→ What the task requires
Taking the line with "This cute birthday" as the first and the line with "The exotic flyer" as the last, set down the lines below exactly, pictures excluded.

→ Extracted material
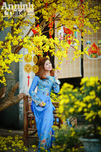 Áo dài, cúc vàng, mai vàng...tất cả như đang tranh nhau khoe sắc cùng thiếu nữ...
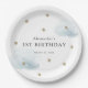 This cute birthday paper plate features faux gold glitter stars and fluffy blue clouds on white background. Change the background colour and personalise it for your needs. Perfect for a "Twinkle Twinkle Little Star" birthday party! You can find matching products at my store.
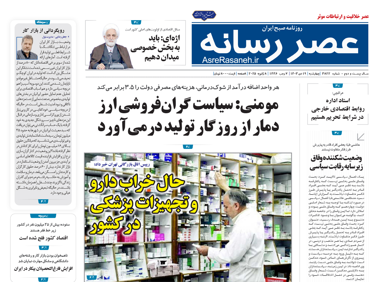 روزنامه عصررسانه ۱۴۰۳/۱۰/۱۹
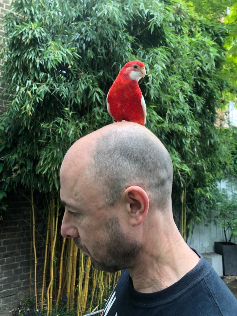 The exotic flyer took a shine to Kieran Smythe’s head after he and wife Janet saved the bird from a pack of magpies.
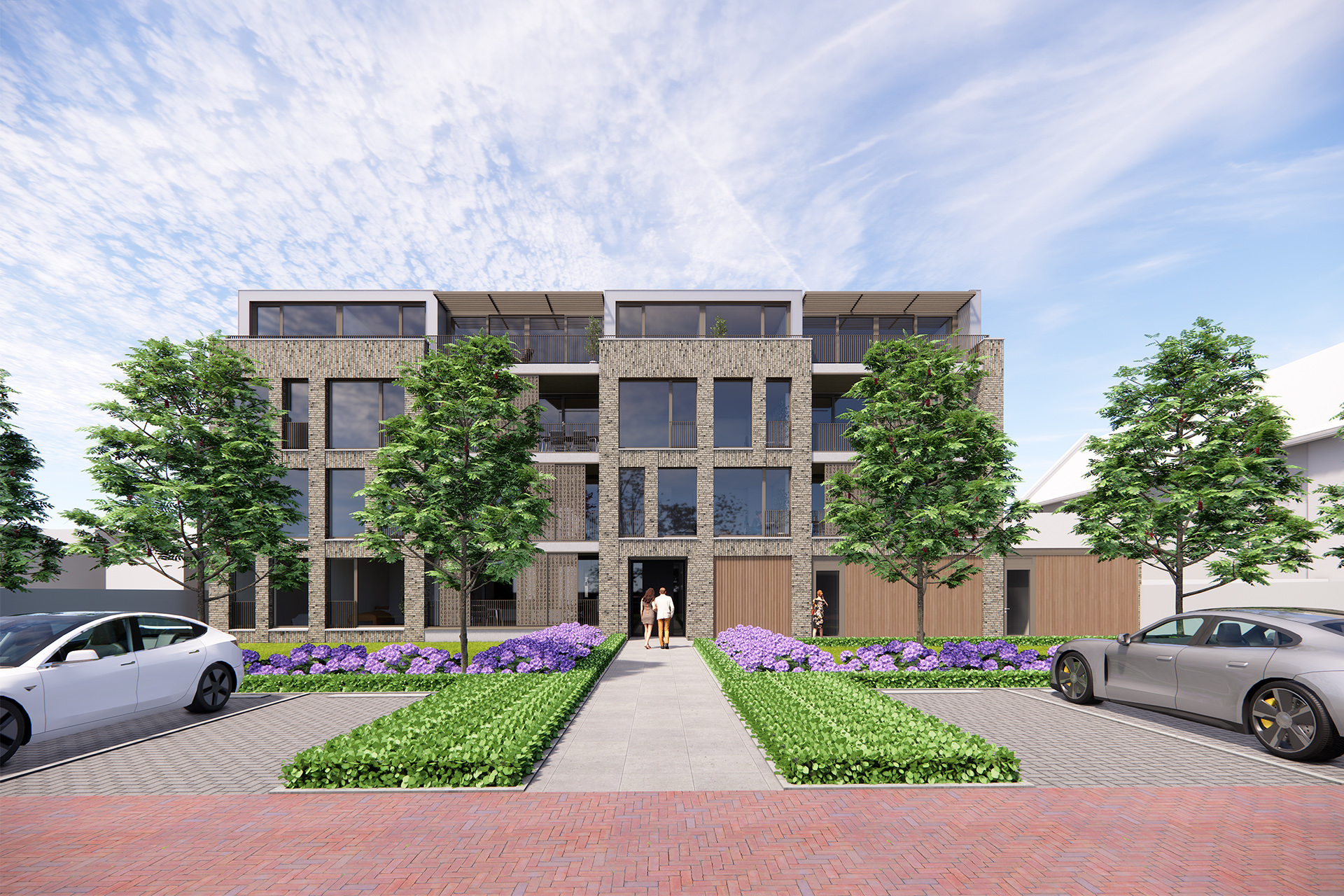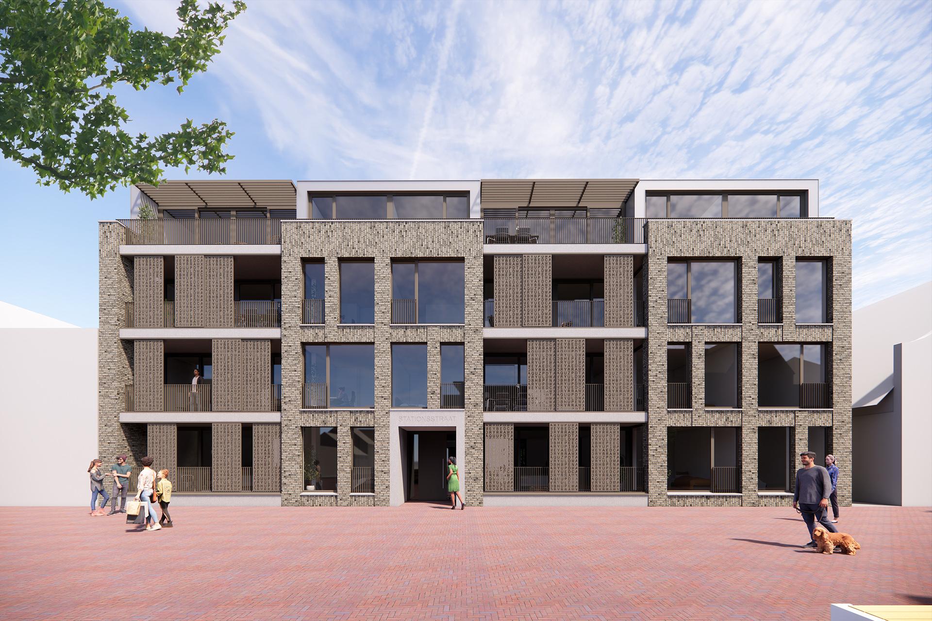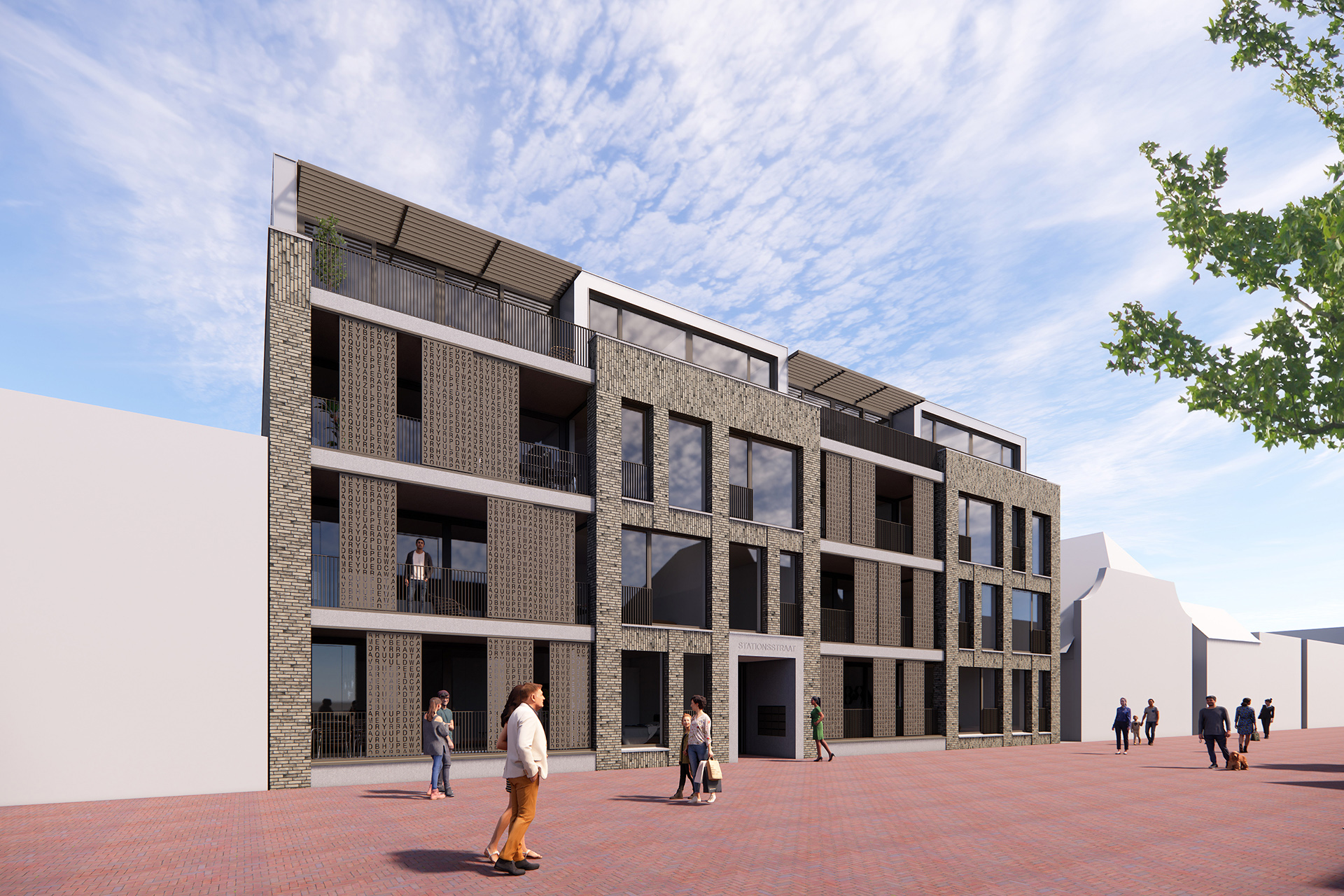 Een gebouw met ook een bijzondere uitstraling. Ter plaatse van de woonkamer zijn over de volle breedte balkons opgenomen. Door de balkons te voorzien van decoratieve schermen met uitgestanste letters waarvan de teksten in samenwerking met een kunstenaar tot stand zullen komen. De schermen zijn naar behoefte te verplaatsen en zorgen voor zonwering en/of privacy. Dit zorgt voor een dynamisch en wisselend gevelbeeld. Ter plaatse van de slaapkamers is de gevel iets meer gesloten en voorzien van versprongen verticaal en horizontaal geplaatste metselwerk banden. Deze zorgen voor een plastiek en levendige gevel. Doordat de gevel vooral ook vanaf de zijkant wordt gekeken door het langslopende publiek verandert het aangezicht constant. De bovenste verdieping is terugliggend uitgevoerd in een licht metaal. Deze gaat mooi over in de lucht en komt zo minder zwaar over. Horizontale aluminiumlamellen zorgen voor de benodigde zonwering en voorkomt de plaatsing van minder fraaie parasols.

→ Response
 This cute birthday paper plate features faux gold glitter stars and fluffy blue clouds on white background. Change the background colour and personalise it for your needs. Perfect for a "Twinkle Twinkle Little Star" birthday party! You can find matching products at my store.
 روزنامه عصررسانه ۱۴۰۳/۱۰/۱۹
 The exotic flyer took a shine to Kieran Smythe’s head after he and wife Janet saved the bird from a pack of magpies.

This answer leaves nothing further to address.